Cuz that’s not normally me.
But it was me with BIPAP treatment, decent sleep, and no headache. Progress.
I would like to say I’ve been the same ever since, but I haven’t. A few weeks later, I had a particularly brutal day at work and I was clearly in need of different interventions than I was capable of making. Very unproductive, very angry, very aggressive, very nuclear. It’s improving, but it’s not night and day, more like a slow dawn with some bright rays of sunshine leaping out from between trees in a forest.
The weight has improved slightly under the BIPAP, dropped 10 of the 20 I gained, and hoping to see that continue.
But overall, the changes in my body killed just about everything I was working on across the board for all goals. The headaches, for example, have been a lot like those for people with head injuries, except that I know my functions will return later in the day or the next when the headache passes. Yet the fatigue and the headaches sapped any hope I had most days for making progress on anything. Some days it was just easier to go back to bed and wait it out.
I was making some progress again in early November, and then I got the cough from hell. I’ve had it before, as one of my coworkers reminded me. It started innocently enough, basically just a small cold that went away and came back a week later. Lots had it, including Jacob. But one of the benefits of a sleep apnea machine is that it has moisture options that blow into your nose all night and help keep things healthy.
Yet the cough lingered. So much so that I threw my ribs out. Twice. Very dry, very deep in my throat but not my chest. Just a dry tickle that would not go away. I had this once before about 2 years ago, and same prognosis and treatment. The infection was gone but the inflammation continued.
So I had to take a steroid for the deep throat, a puffer for the upper throat, and keep it going for up to 6 weeks after the cold or flu are gone. Bloody hell. Mine took residence at the start of November and it was well into December before I could stop the steroid. I’m still using the regular puffer from time to time when I start to feel there’s a small rattle down there.
So 6 months of sleep treatments with my body going wonky from time to time as it adjusted (headaches, bloating, blah blah blah), and 7 weeks of the cough from hell, plus general stuff in there for regular aches / pains / colds / flu for the year.
All in all, I hated 2016. I said the only way out was through, and I had no idea how prophetic that was. I survived the year, and I am literally shocked that I made progress on any of my goals after March. I feel like I’ve got the sleep thing relatively under control, and while I’m not in the 98% that loses weight using it, I’ll be happy when I’m at least back down to my regular weight and can start fresh again at trying to reduce that further.

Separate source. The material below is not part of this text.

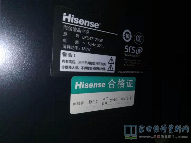 接修一台海信LED47T29GP液晶电视,故障表现为开机不定期花屏 、红屏、绿屏、灰屏,看起来故障比较多,多开几次后能正常出现蓝屏开机画面,就可以正常观看。在观看过程中不定期还会出现灰屏 ,有声音现象,有时是花屏带竖线画面。

Over the last few months, I’ve even had to admit to Andrea a few times, “I don’t know if I can do activity x”, which was never the case before. But I worry about it more, and that is a good impetus for me for 2017. I’m a little worried about our trip to Mexico as I don’t normally do that well in heat, nor is it a great combo for my blood pressure, but I should be okay with the right balance to the day.

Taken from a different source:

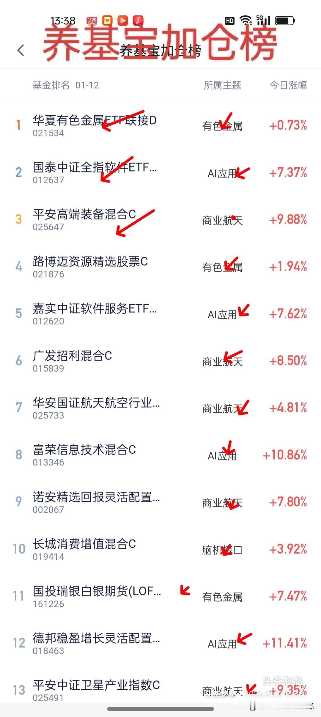 12号基金操作观点(仅供参考) 我要追高! 主力资金也是看透了散户或者踏空者的心理,都盼着回调介入,主力反而不回调,甚至盘中回踩一下继续上行,踏空者盼跌者只能追高上车! .. 目前大盘走势健康,均线多头排列,即使短线回撤一下,也能马上涨回来,本月必涨收阳无疑,跨年行情、春节红包一并发给你! 上周⑤一口气加仓1万多,就是没有追高介入ai应用板块,加仓的半导体材料及先锋弱的不要不要的,不加的传媒或者少加的航天涨的目瞪口呆!看来固有观念及心态难以改变,这也是人性弱点!有不少粉丝根据本人的观点操作,赚钱了! 目前有两种选择,一是守住滞涨板块等待轮动补涨,比如新能源板块,半导体芯片, cpo机器人,医药板块等。二是追高介入强势板块,比如商业航天,传媒游戏 软件板块等。本人研究几天永赢信息产业申万菱信数字产业两个基金,踏空20%没有下手,今天列入观察仓位!大胆的可以追德邦稳增长更强势。 传媒游戏前面刚发了分析去看看作为参考。 光伏产业周末有分析,值得一看。 可控核聚变继续持仓待涨或者定投或者强行加入。 有色金属继续看涨,定投或者加仓,持仓待涨均可,医药板块定投或者加仓均可。 ... 点赞转发关注投资理财不迷路

And I went skating today. A month ago, I suspected I might not be able to, but I did. It was a bit rough on my legs, but that wasn’t necessarily new. Just that I’ve been a bigger couch potato for the last 9 months and it’s time I got back into the game.
I have no idea what I’m going to do for my goals this year, but I have a small idea to keep it manageable. Realistic even. That will be new for me, when I normally go hog wild.
So maybe the glaring RED for my red goals might actually be a future motivator.
Hope springs eternal. Maybe that will be my new slogan for 2017.